He doesn’t want the job—Paul Ryan has made that abundantly clear—but Republicans still hope that the Ways and Means Committee chairman will change his mind and seek the House speakership. He is, after all, the only possible candidate who could plausibly bridge the ideological, stylistic, and strategic chasm between the mainstream, establishment-friendly Republicans and the 35 to 40 lawmakers, mostly members of the Freedom Caucus, that The Wall Street Journal has dubbed “the Refuseniks.”
Even if Ryan assents, however, the path to the speakership might require concessions to the Refuseniks that he would be unwilling to make. One Freedom Caucus demand is to codify the so-called Hastert Rule, requiring that a majority of the chamber’s Republicans support a measure before the full House can consider it. This would change the House to one in which a plurality, not a majority, rules. Nothing could pass the House without approval from 124 Republicans, the barest majority of the chamber’s 247 Republicans, effectively moving the ideological center of gravity to the right. This would further marginalize the House, already the most ideological part of the elected government.
Here’s the dilemma for House Republicans. The Refuseniks have made it clear that they won’t accept an establishment choice, with the possible—though not certain—exception of Ryan. Unstated, but equally true, is that a much larger number of mainstream Republicans won’t accept anyone from the Freedom Caucus or sympathetic to it. Not wanting the tail to wag the dog, they’re unwilling to give in to what they see as a few dozen members taking the speakership hostage. The GOP’s majority is pretty firmly entrenched, but a surefire way to become a minority again is for the House to adopt the Freedom Caucus’s agenda. Keep in mind that the electorate next year, when the presidency is on the ballot, is very different from the older, whiter, more-conservative, and more-Republican voters who gave the GOP an impressive majority in 2014.

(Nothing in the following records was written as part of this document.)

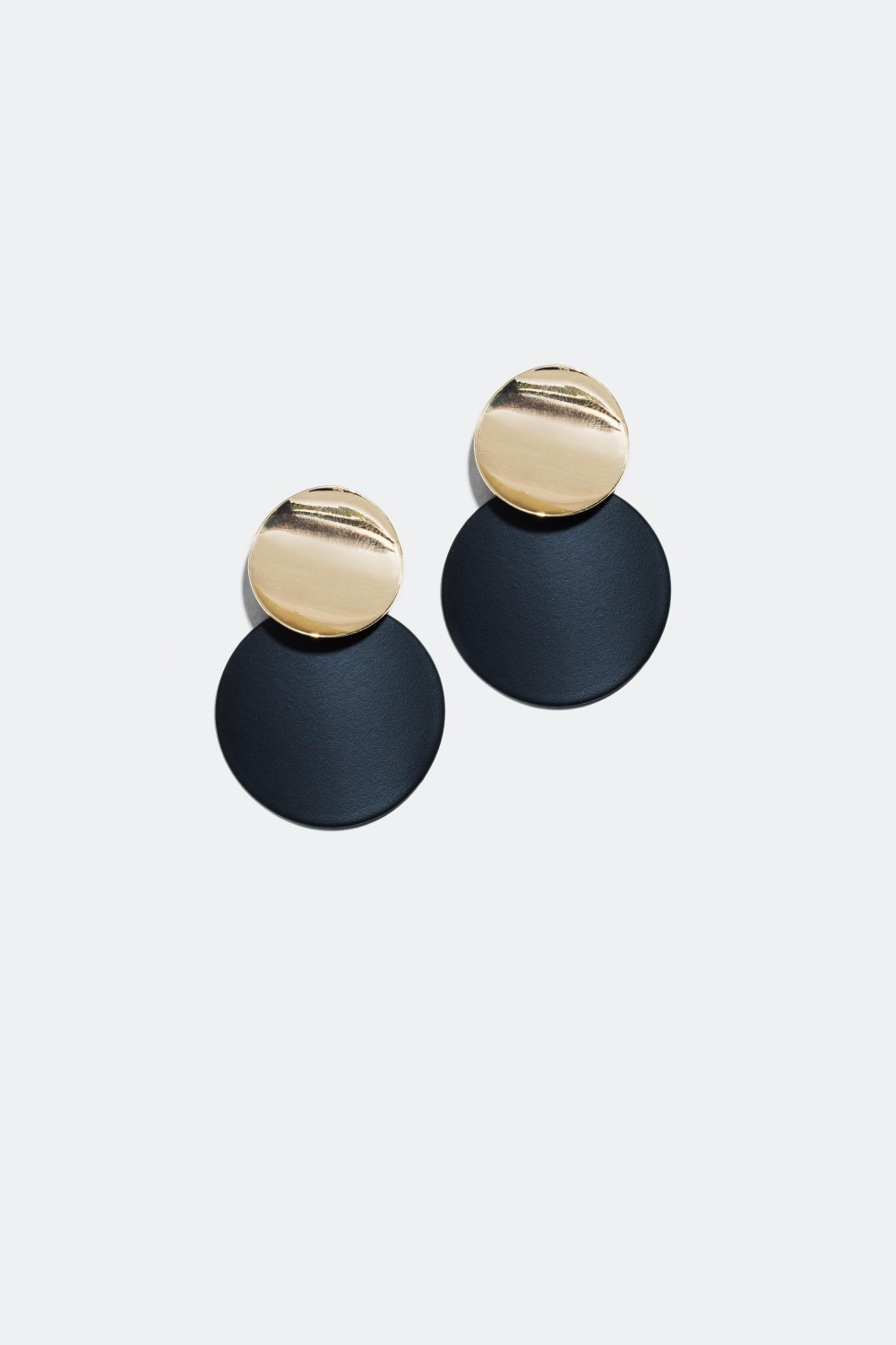 Kauniit ja tyylipuhtaat korvakorut, joista roikkuu kaksi pyöreää laattaa. Alempi laatta on mattamusta ja päällimmäinen kullanvärinen.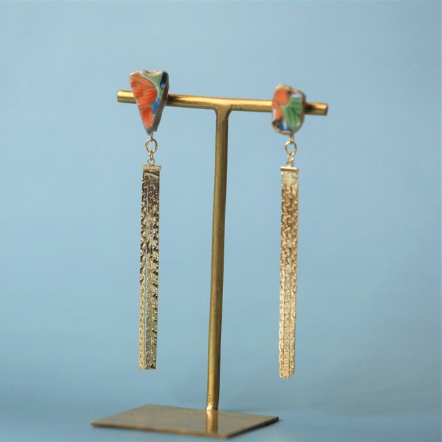 有田焼 陶片 x 金継ぎ ピアス イヤリング (花柄陶片、ゴールドスウィングパーツ)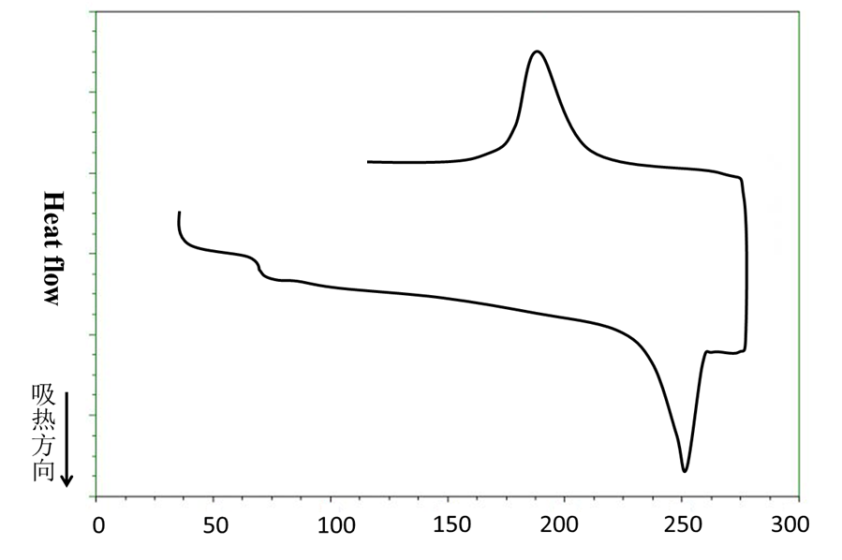 2.下图为某结晶性高分子的升温和降温DSC曲线,请据此判断该聚合物的玻璃化转变温度(Tg)、熔融温度(Tm)和熔体降温过程中的结晶温度(Tc);简要说明确定上述三个数值的依据;
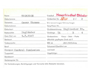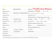 Name THOMPSONf Geburtsname Vornamen Friedhof Ho uptTrii?.dhof OhJsJ ... r{ Gräberliste Nr. Robert Ag lf.l Sarg/Feuer Nr. Geburtsort Grabbezeichnung IGest./Gef. am Engländer 22.6.1945 Grablage Grabzeichen: Englischer 2A A Kreuz - Stele - Platte Sterbeort öffentlich gepflegtes Grab ab P Todesursache RRE ab Beruf Exhumiert/Oberführt am Dienstgrad Truppenteil Sjt . 13086642 2 Ehrenanlage/Streulage Geburtsdatum Nationalität §lI jährl./ Abfindung von/nach Angehörige: Standesamt Sterberegister Nr. Für Veränderungen, Berichtigungen und Vermerke bitte Rockseite benutzen. Fr. 6

If Ryan’s no remains no, we can assume that John Boehner will stay on as speaker for a while—but not forever. This would leave Republicans with a choice: chaos or a coalition. The prospect of chaos looks particularly scary right now, given the immediate need to raise the limit on the federal debt before the government exceeds it. Current projections put the date of a default at Nov. 3 or so. But the House actually needs to raise the debt limit this week, in case hard-line conservative Ted Cruz, the Texas Republican who is running for president, raises procedural hurdles in the Senate. Soon after that is resolved, the continuing resolution that’s financing the government is due to run out on Dec. 11.

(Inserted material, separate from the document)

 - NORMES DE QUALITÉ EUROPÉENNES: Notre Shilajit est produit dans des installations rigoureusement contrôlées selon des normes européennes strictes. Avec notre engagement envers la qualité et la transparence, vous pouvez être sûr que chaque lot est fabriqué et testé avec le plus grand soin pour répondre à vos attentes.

So, what’s the alternative? Should Ryan refuse the speakership, consider an unprecedented, heretofore inconceivable, possibility: a coalition with the chamber’s Democrats. Not a coalition government in a parliamentary sense, sharing leadership positions and the chairmanships of committees and subcommittees. Instead, a Republican would gain the speakership with a bloc of GOP votes plus support from enough Democrats—anxious for a speaker they could actually work with—to add up to 218 members, a House majority.

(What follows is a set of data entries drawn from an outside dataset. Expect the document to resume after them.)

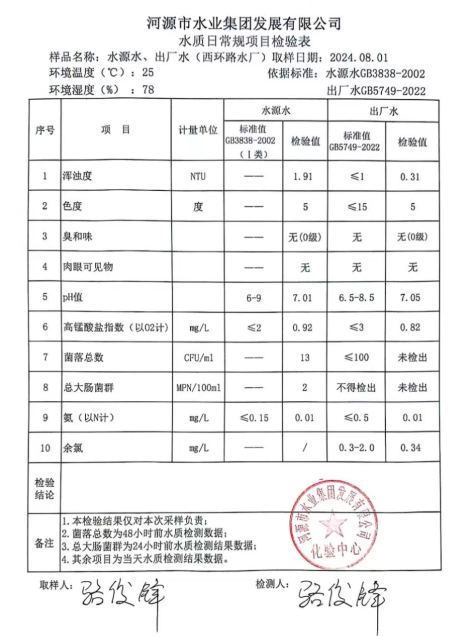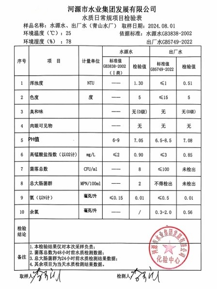 2024年8月1日水質檢驗報告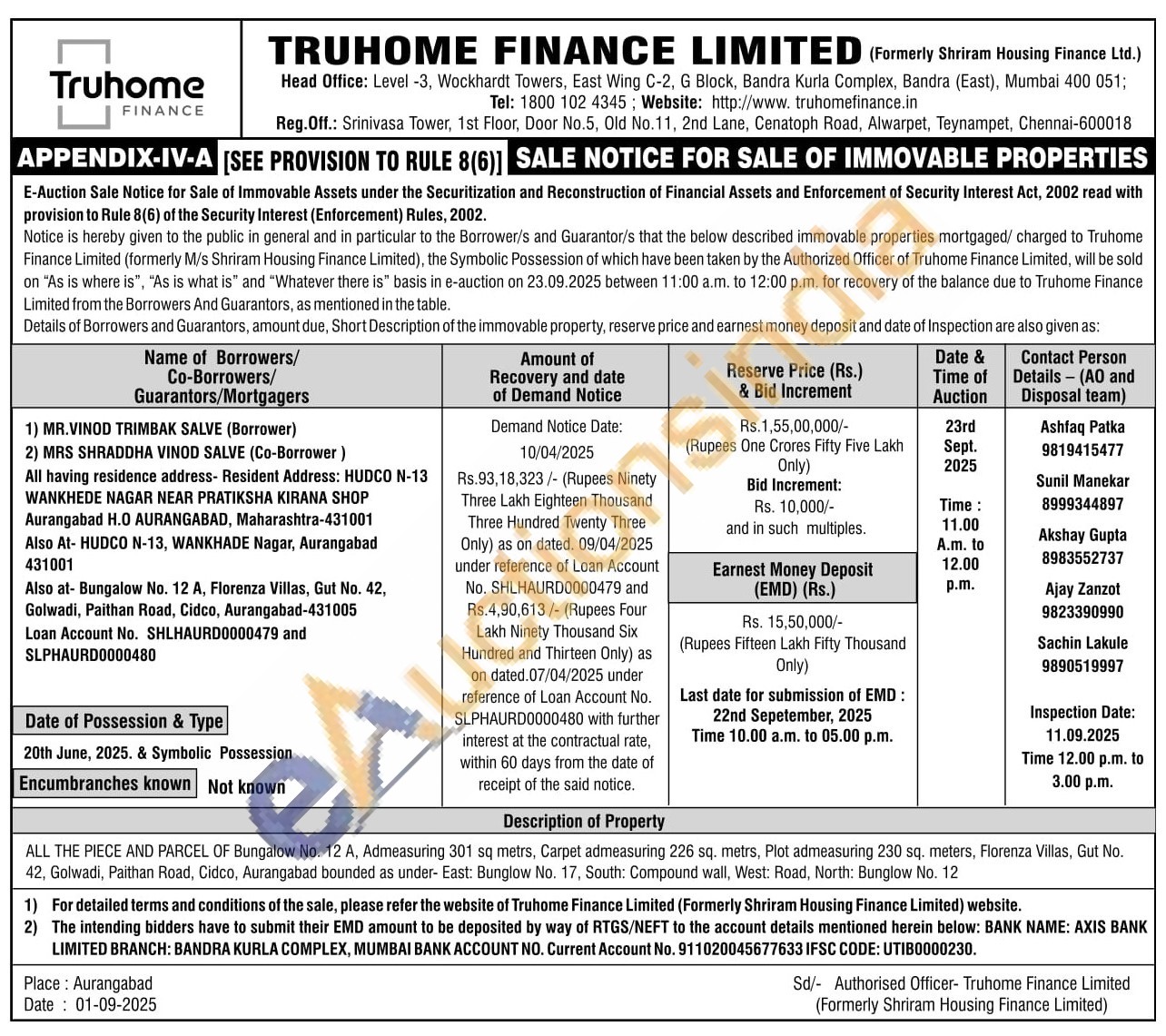 ALL THE PIECE AND PARCEL OF Bungalow No. 12 A, Admeasuring 301 sq metrs, Carpet admeasuring 226 sq. metrs, Plot admeasuring 230 sq. meters, Florenza Villas, Gut No. 42, Golwadi, Paithan Road, Cidco, Aurangabad bounded as under- East: Bunglow No. 17, South: Compound wall, West: Road, North: Bunglow No. 12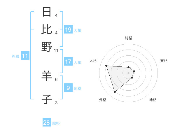 日比野 羊子さんを姓名の画数から五運を鑑定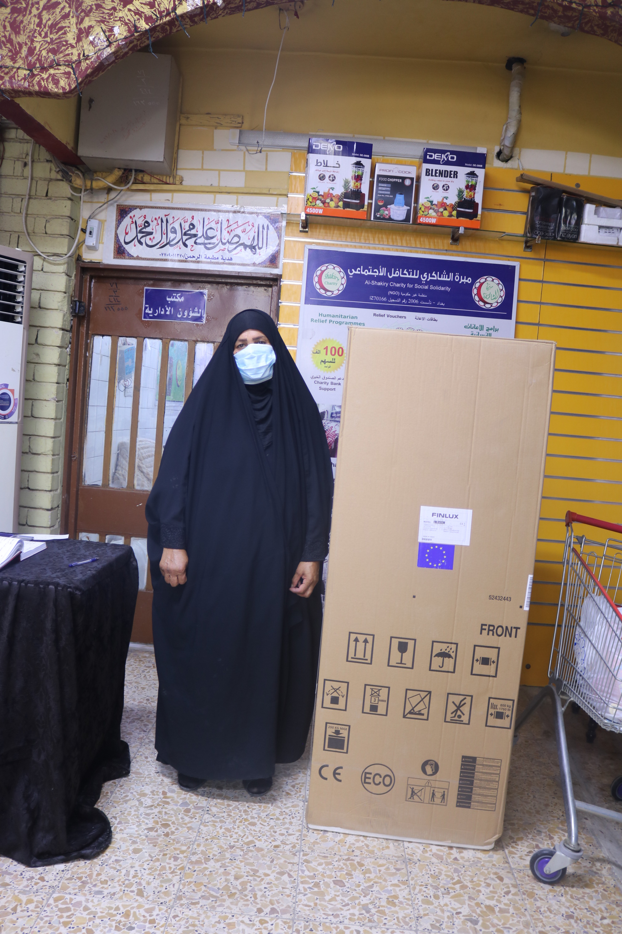 بعد الاستلام ارغبت جدة الايتام بأختيار ما يناسبها/ ثلاجة وحيث تم تجهيزها من محلات الشاكري الخيريه ويتم التسديد من خلال الكفالة الشهرية للايتام .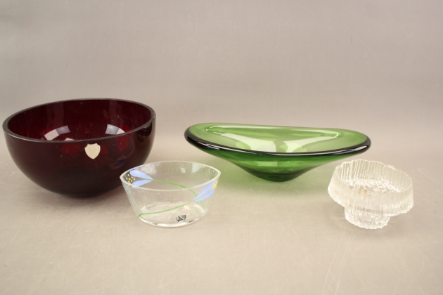 137. Skålar 3 st och ljuslykta bla Iittala, Trelleborg och Orrefors

The nucleus of such a coalition is the 91 House Republicans who voted last month in favor of a continuing resolution (151 voted against it) to keep the government running. Besides those, the coalition would draw as many votes as possible from the other 110 or so GOP lawmakers who don’t belong to the Freedom Caucus. Then, the Democrats. A critical mass of Democratic lawmakers might accept any of a handful of senior House Republicans.
An obvious question is why Democrats would help elect a Republican speaker without getting any tangible benefits. The reason: Most House Democrats ran for Congress in hopes of accomplishing things rather than just throwing rocks at the chamber’s majority. Getting some things done, they figure, is preferable to getting nothing done. By electing a speaker they could work with, they’d assure themselves a voice. Another benefit to Democrats: Should such a coalition succeed, the Freedom Caucus could become totally marginalized. It’s hard to imagine how its members could retain any committee or subcommittee chairmanships.
This next week or two are likely to be interesting, indeed—the poker about as high-stakes as Capitol Hill ever encounters. Deadlines are piling up, adding to the drama. Keep an eye on the forthcoming vote on whether to reauthorize the Export-Import Bank, only the third time in decades that a measure has reached the House floor through a discharge petition, signed by a majority of House members. More than 40 Republicans joined Democrats to circumvent conservatives on the House Banking Committee who had bottled up the measure, to force a vote that is scheduled for Oct. 26. Three days later, federal financing for highways is set to expire, unless Congress acts to renew it. Whatever happens, don’t expect to be bored.